Wichtig ist auf jeden Fall für die Auslegung und Planung des Testcenters der sog. „Materialfluss“.
Wer hier schon vieles was er für seine zukünftigen Aufgaben berücksichtigen kann legt schon zu Beginn einen großen Grundstein zur Effizienz im späteren Betrieb. Es sollte hier nicht der Billigstbieter beauftragt werden, bitte greifen sie auf einen erfahrenen Planer zurück die sich damit schon mehrmals beschäftigt haben. Glauben sie mir das rechnet sich in wenigen Jahren, vielleicht sogar in Monaten. Testcentren die wachsen bzw. ausgebaut werden habe meist Haken und Ösen die nicht mehr so leicht wieder wegzubekommen sind. 
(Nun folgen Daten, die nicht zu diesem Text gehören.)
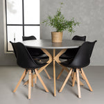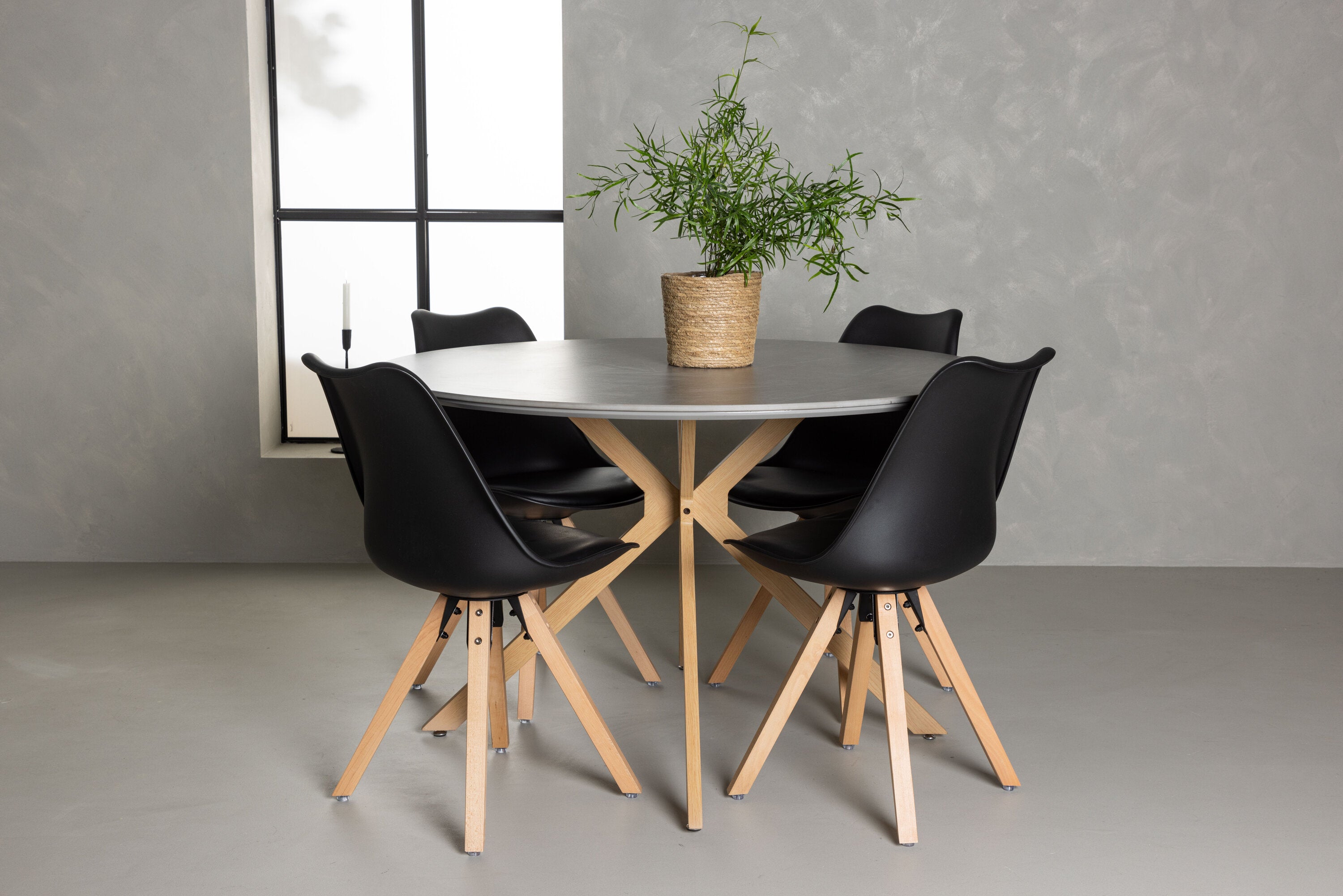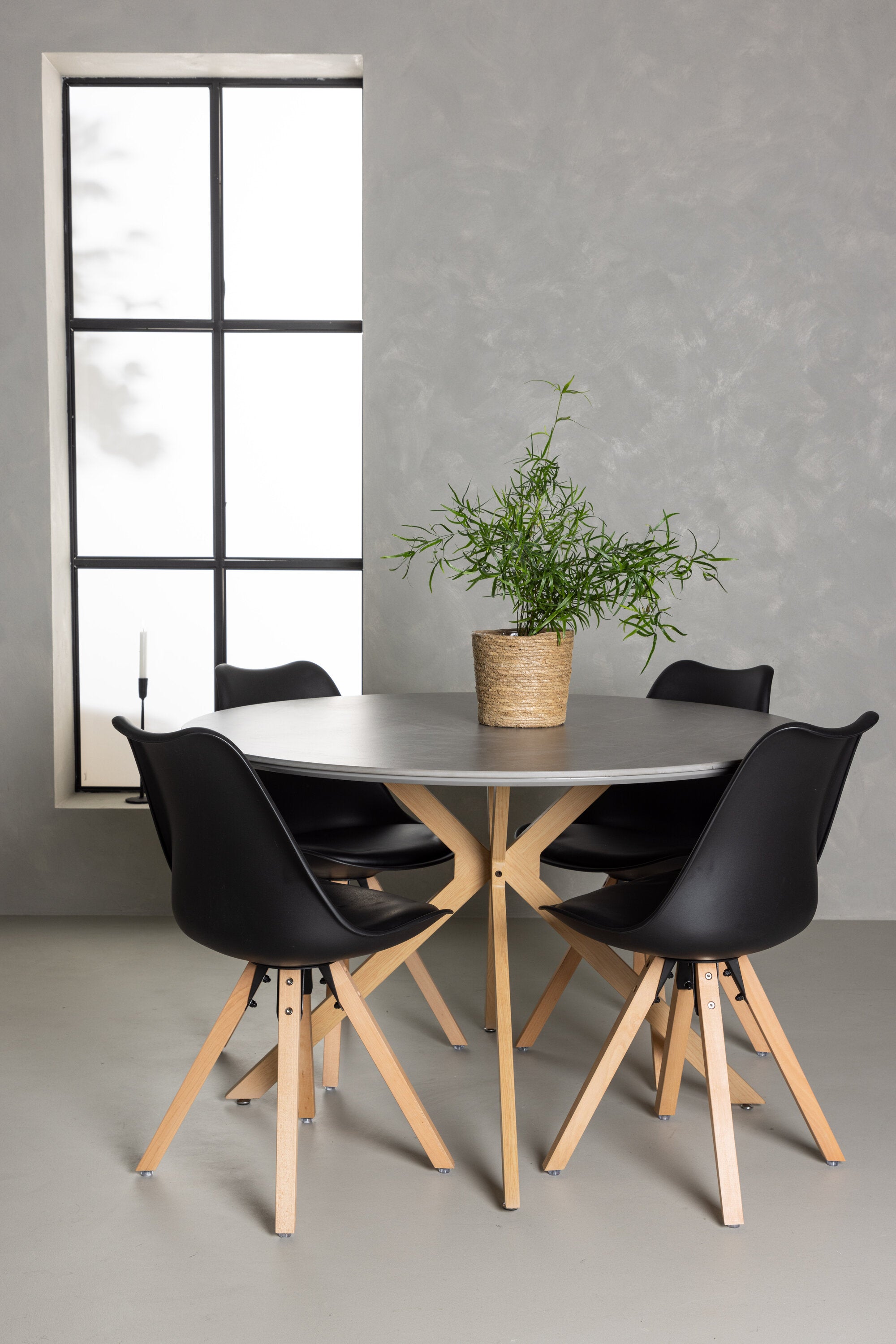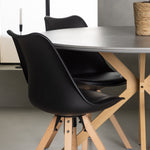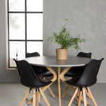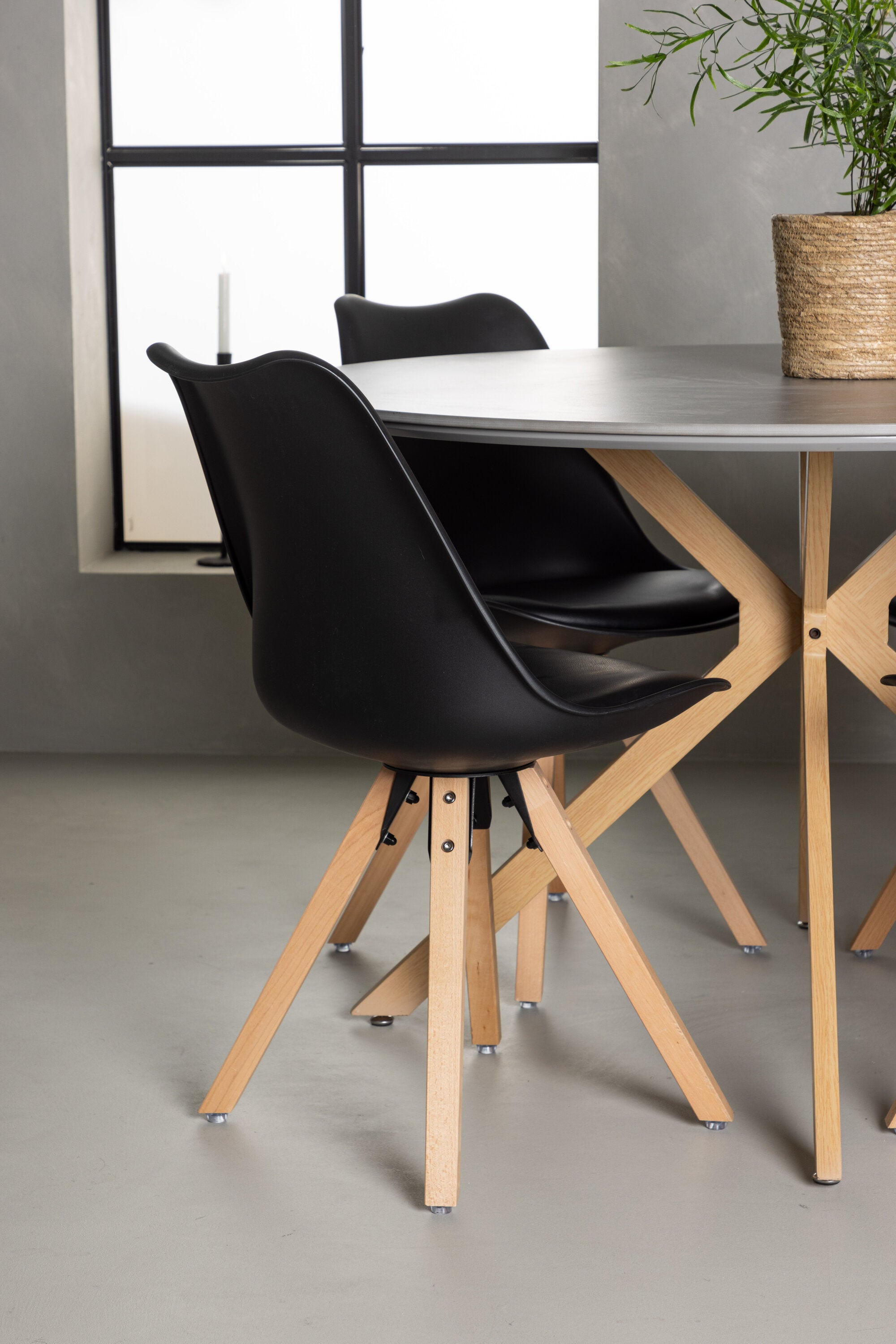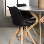 Společně s jídelním stolem Piazza nabízíme naše trendy jídelní židle Zeno. S jejich lákavým designem a černým plastovým opěradlem a sedákem získáte nejen stylovou židli, ale také odolnou. Vestavěné podsedáky vytvářejí pohodlný prostor pro dlouhé večeře a zábavné rozhovory. Dřevěné nohy židle dokonale ladí s designem stolu a vytvářejí soudržný a harmonický celek.

Ich habe beides erlebt, und ein Neubau kann mitunter die billigere Lösung sein, vor allem wenn man auf einen längerfristigen Businessplan zurückgreifen kann.

Es wird immer versucht einen 24 Stundenbetrieb über 7 Tage anzustreben, denn ein nicht genutzter Prüfstand ist schließlich totes Kapital. Um das aber realisieren zu können muss ich mir zuvor in der Planung schon sehr intensiv mit all den genannten Einflussfaktoren beschäftigen.

Umfangreiches Wissen und Erfahrung sind vonnöten um hier vorne dabei zu sein.
Sinamono kann dazu mit den vorhandenen Experten eine adäquate Unterstützung anbieten um Dienstleister, Zulieferer aber auch OEMs in ihren Aufgaben zu unterstützen.